Alkylating Platinum Compounds:

MOA:

Answer 2

Alkylating Platinum Compounds:

MOA: Do not have an alkyl group, cross link guanine bases in DNA with different structural elements (platinum atom, two amines, two chlorides)

Question 3

Alkylating Agents

toxicities:

Answer 3

Alkylating Agents

toxicities:

1. Bone Marrow Suppression

• biggest concern
• neutropenia, hemolytic aneima, thrombocytopenia

2. Mucositis
   * worry with airway manipulation/instrumentation

3. Skeletal Muscle Weakness

4. Seizures

5. Pneumonitis & Pulm. Fibrosis

• 1% fibrosis c cyclophosphamide
• 20-30% carmustine

6. SIADH

7. Uric Acid Nephropathy

8. Impaired Pseudocholinesterase

• concern with succinylcholine

9. Nephropathy -> CISPLATIN

10. Peripheral Neuropathy -> Oxaliplatin

Question 4

Carmustine Toxicity

Answer 4

Carmustine Toxicity

Pulmonary Toxicity = 20-30%

Mortality = 24-90% similar to bleomycin

Question 5

Impaired Psuedocholinesterase with alkylating agents

Answer 5

Can last 2-3 weeks!

Affects succinylcholine, mivacurium, esmolol, remifentanil

Question 6

Cisplatin:

1. Dose Limiting Toxicities
2. Prevention:

Answer 6

Cisplatin:

Dose Limiting Toxicities

Nephropathy:

• cumulative!
• dose-limiting
• Early signs = potassium and magneisum wasting and decrease GFR

To Prevent:

• Hydration
• Supplemental electrolytes
• May be on furosemide and/or mannitol to prevent

Question 7

Oxiplatin

Dose Limiting Toxicities:

Answer 7

Oxiplatin

Dose Limiting Toxicities:

Peripheral Neuropathy

• Dose-limiting effect.
• Presents as tingleing around mouth, fingers, toes.
• Avoid cold contact.

Question 8

Anti-Metabolite Agents

Answer 8

Methotrexate (Folic Acid)

Fluorouracil (Pyrimidine)

Mercaptopurine (Purine)

Question 9

Methotrexate

MOA:

Answer 9

Methotrexate:

MOA: Binds to dihydrofolate reductase, prevents reduction of FH2 to FH2 and prevent synthesis of DNA nucleotides.

Normal pathway of Folate:

Folate -> FH2 -> FH4 by enzyme: dihydrofolate reductase.

Question 10

Methotrexate

Toxicities

Answer 10

Methotrexate

Toxicities

1. Fulminant pumlonary fibrosis,

• non cardiogenic pulmonary edema
• 8%

2. Neutropenia & Thrombocytopenia

3. Mucositis & GI ulceration

4. Renal Toxicity (10%)

• usually permanent

5. Hepatic Toxicity

• can be reversible

Question 11

Fluorouracil

MOA:

Answer 11

Fluorouracil

MOA:

Inhibits thymidilate synthesase.

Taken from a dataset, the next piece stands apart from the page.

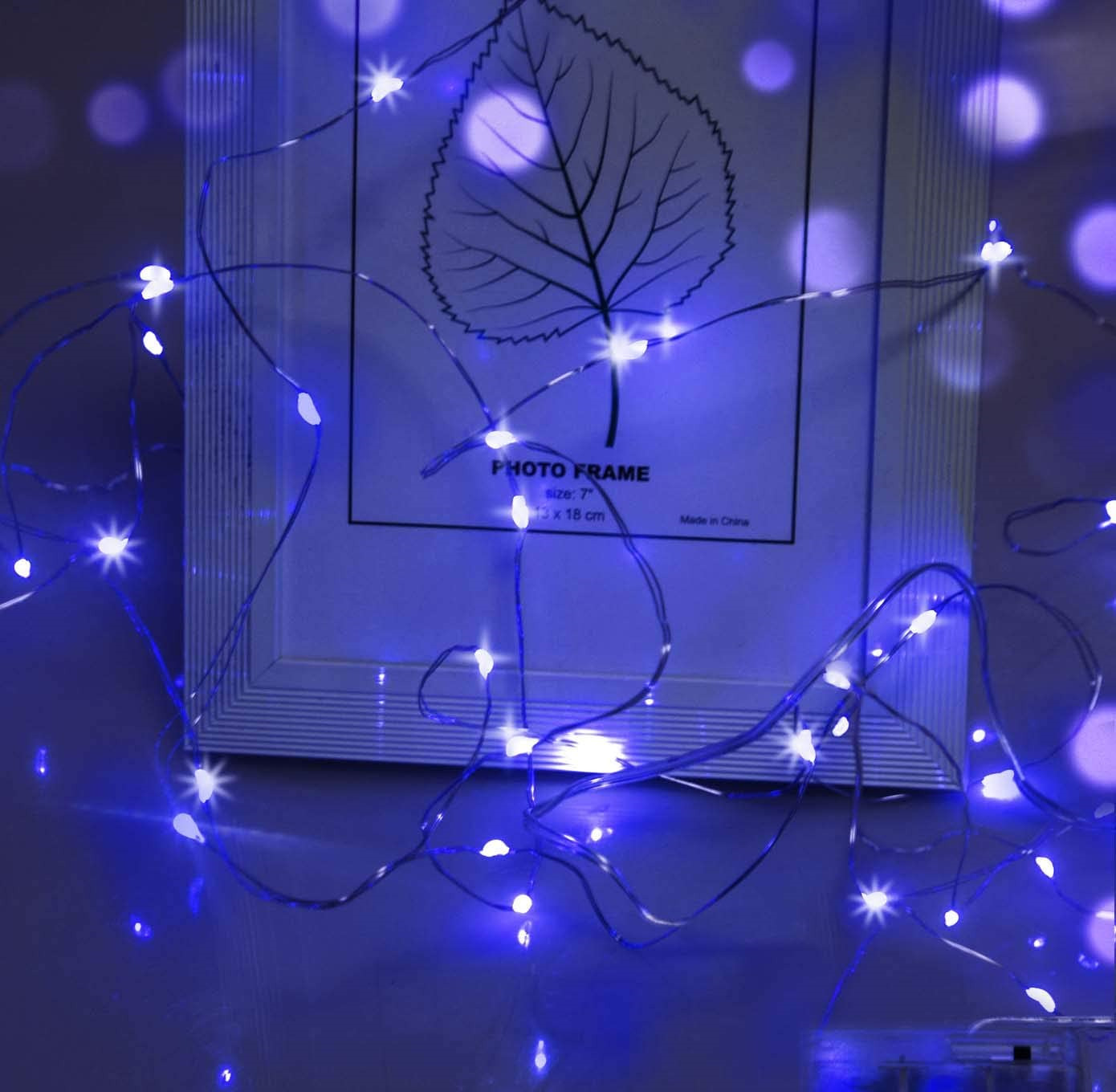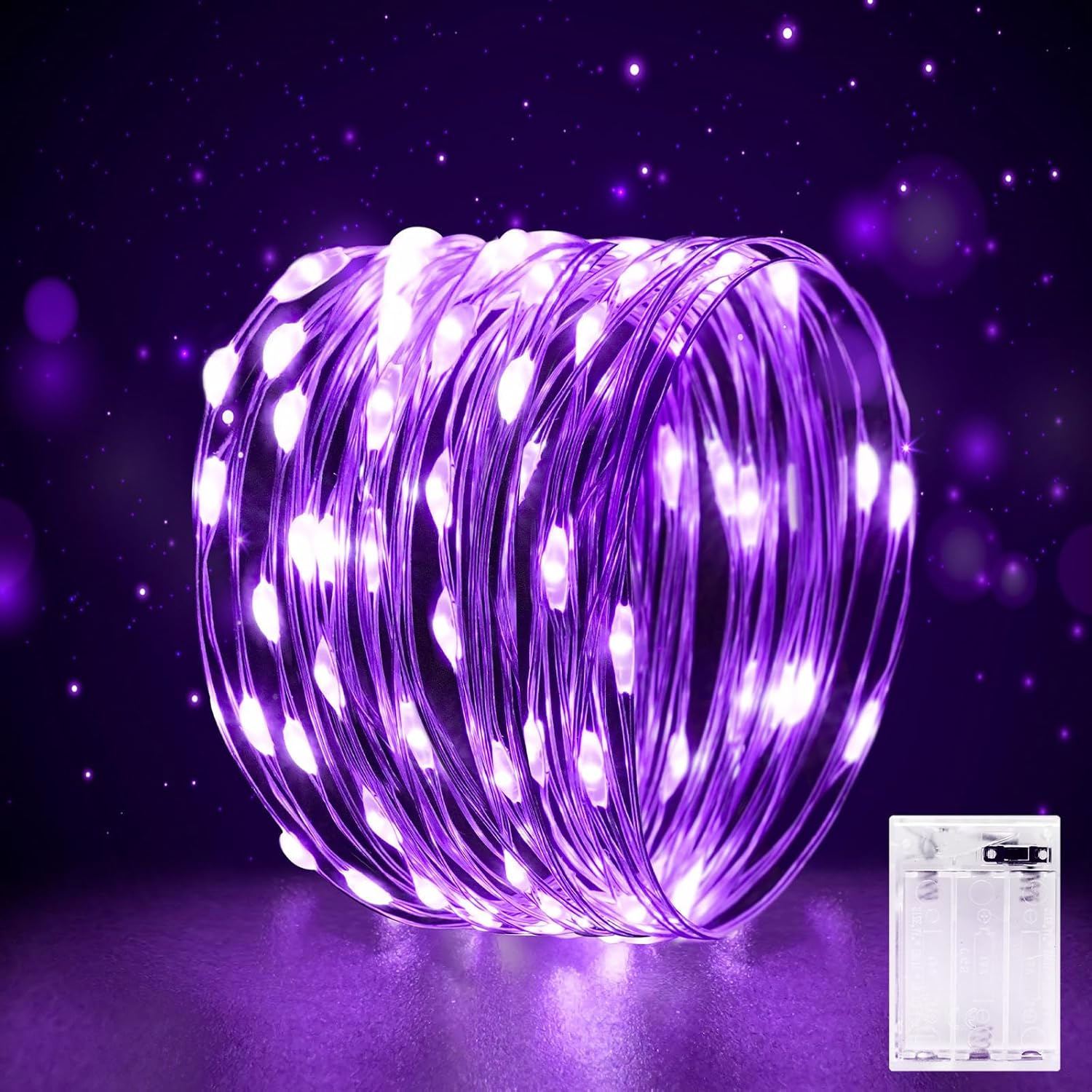cshare Fairy Lights for Bedroom, 5m 50 LEDs Battery Operated String Lights IP65 Waterproof Micro Silver Wire LED Firefly Light for Bedroom DIY Christmas Tree Gifts Halloween Decorations(Purple)
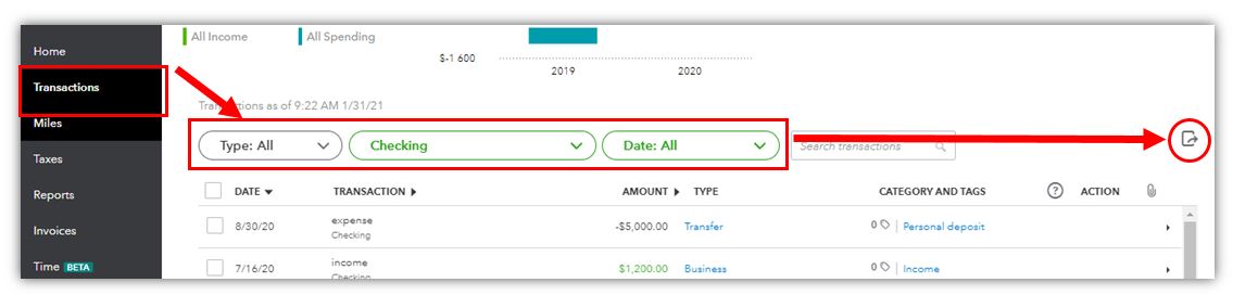You can export your bank transactions in QBSE by going to the Transactions tab. Here's how:

Which inhibits nucleotide production ->

end result: inhibits DNA synthesis

Question 12

Fluorouracil

Toxicities:

Answer 12

Fluorouracil

Toxicities:

1. Increased risk for MI for 1 week after administration

• delay surgery if possible
  2. Myelosuppresion
• leukopenia, thrombocytopenia, anemia
  3. Alopecia
  4. Neurological Defects
• Ataxia - cerebellum
  5. GI toxicity
• d/c if stomatitis, mucositis, diarrhea
• Patients at risk for GI ulceration and perforation

6. Hand-and-Foot Syndrome
   * tingling, redness, burning, flaking, swelling, blistering of palms and toes

Question 13

Topoisomerase Inhibitor Agents

Answer 13

Anthracyclines: Doxorubicin, Daunorubicin

Non-anthracyclines: Bleomycin

Question 14

Topoisomerase Inhibitors - Anthracyclines

MOA:

Answer 14

Topoisomerase Inhibitors - Anthracyclines

MOA:

Anthracyclines; Doxorubicin, Daunorubicin:

Inhibtion of topoisomerase I and II and intercalation with DNA -> double strand DNA breaks and inhibtion of DNA & RNA synthesis (inhibtion of DNA replication)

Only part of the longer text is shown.